Got 'em today. And let me tell you, I LOVE 'EM! Who knew Coffin scent could be so menacing yet pleasing! Anyway. Just thought I'd give ya'll a heads up and a review. We'll see how well they smell up the place tonight. :biggrinkin:


----------



## Merlin (The Quiet One) (Feb 23, 2006)

Yep. Dark Candles are has some great scents and the candles burn well.


----------



## Haunted Bayou (Feb 16, 2007)

I second that. I ordered the sampler last year and like a lot of the scents.
If you find one you really like, you should order it because she discontinues scents often.

"Dracula" is my favorite so far, and it is a pretty dark red color.


----------



## Hauntiholik (May 17, 2006)

Dark Candles was a HauntForum sponsor in 2008 so some of us know about them 

I've got Coffin, Crypt Moss, Apparition, Graveyard, Forbidden, Black Rose, Arachne's Garden and Clove.


----------



## fick209 (Aug 31, 2009)

Thanks, I'm checking the site out now!


----------



## MorbidMariah (Mar 28, 2009)

I burned bonfire for a while tonight (and it was lovely) and Nosferatu for a bit later on (which I like quite a lot...very exotic with hints of patchouli and nag champa, that kind of incensey smell. Tomorrow I am going to try out clove, which I am sure I will love.


----------



## Spooky1 (Aug 25, 2008)

Spooky scented candles? They have candles that smell like me?


----------



## The Bloodshed Brothers (Jan 25, 2009)

Spooky1 said:


> Spooky scented candles? They have candles that smell like me?


haha ill take 20


----------



## fick209 (Aug 31, 2009)

I just couldn't decide on how many or which scents I wanted to try, so went ahead and ordered the votive monster candle pack


----------



## The Archivist (May 31, 2009)

Do they have candles that smell like ancient graveyard or perhaps something in a corpse scent? I do love that rotted corpse smell...


----------



## Fiend4Halloween (Aug 28, 2008)

How strong are the scents? I have a ton of candles and am always on the search for ones that will make my house smell good. Even after spending a good amount of money on some different brands, seems that a lot don't really have much smell to them while burning.


----------



## MorbidMariah (Mar 28, 2009)

Yep, they are very aromatic! One votive makes my bathroom actually too smelly!  
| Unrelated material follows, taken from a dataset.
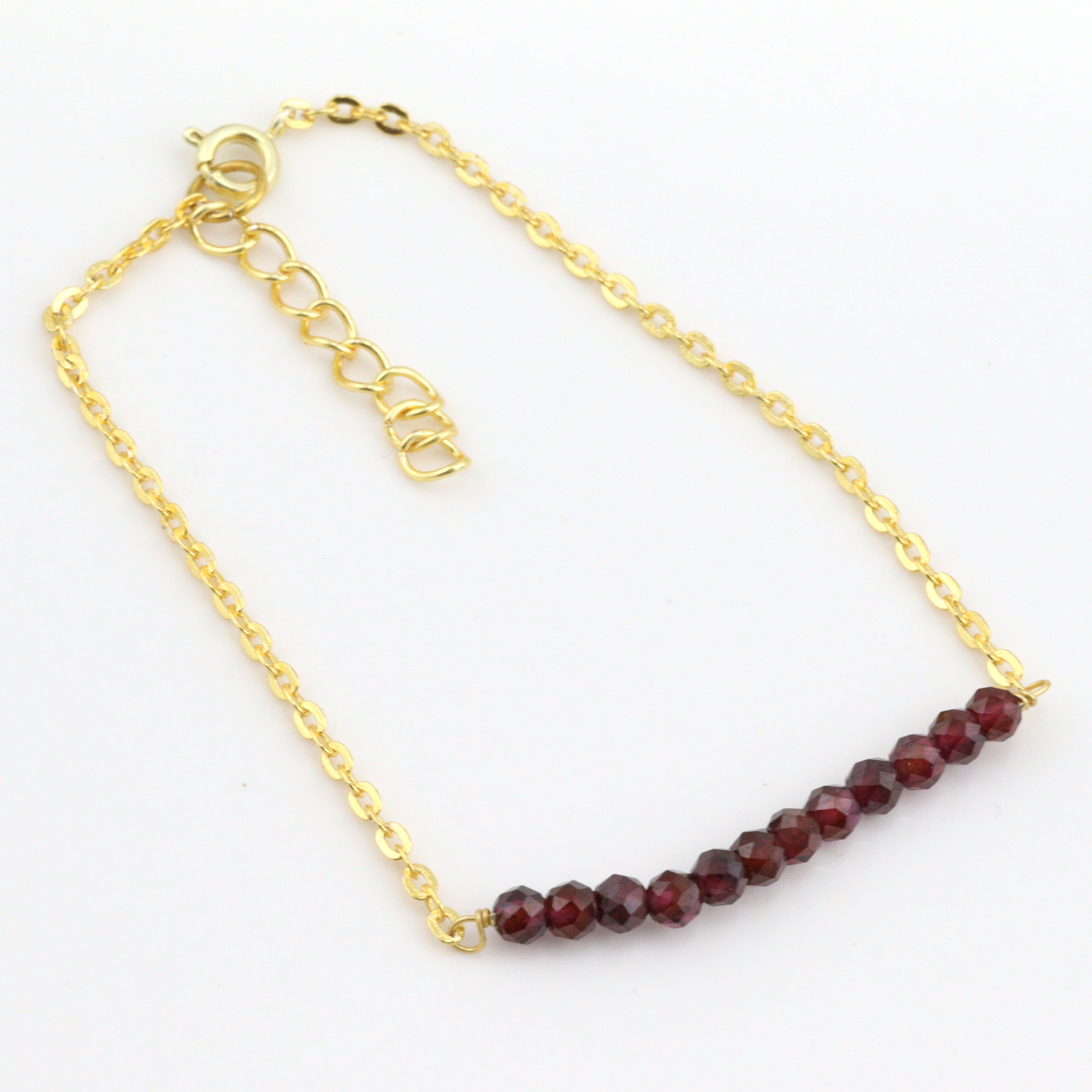 This Garnet Beaded Dainty Minimalist Bracelet showcases the deep, romantic red of natural garnet paired with the warm luminosity of 22k gold plated brass accents. Hand-strung by skilled artisans, each bead adds a touch of elegance and meaning, symbolizing passion, strength, and grounding energy. Lightweight and refined, this bracelet is perfect for women who love minimalist gemstone jewelry with a timeless charm.

And yes, actually, they DO have a graveyard scent! Smells like earth and woody scent. I see that she has a simmering oil called Corpse, but no candles. I have the graveyard scent and like it, but I can't imagine corpse! eww!


----------



## GothicCandle (Mar 26, 2007)

I love candles, I'm not that into scented ones though.


----------



## Devils Chariot (May 23, 2007)

I got the Halloween and the graveyard pack. they smelled so good I t didn't use for my haunt. I have some in my home and to diced up a couple and put them in my personal fan at work, so when i turn it on, it smells like Halloween!!!


----------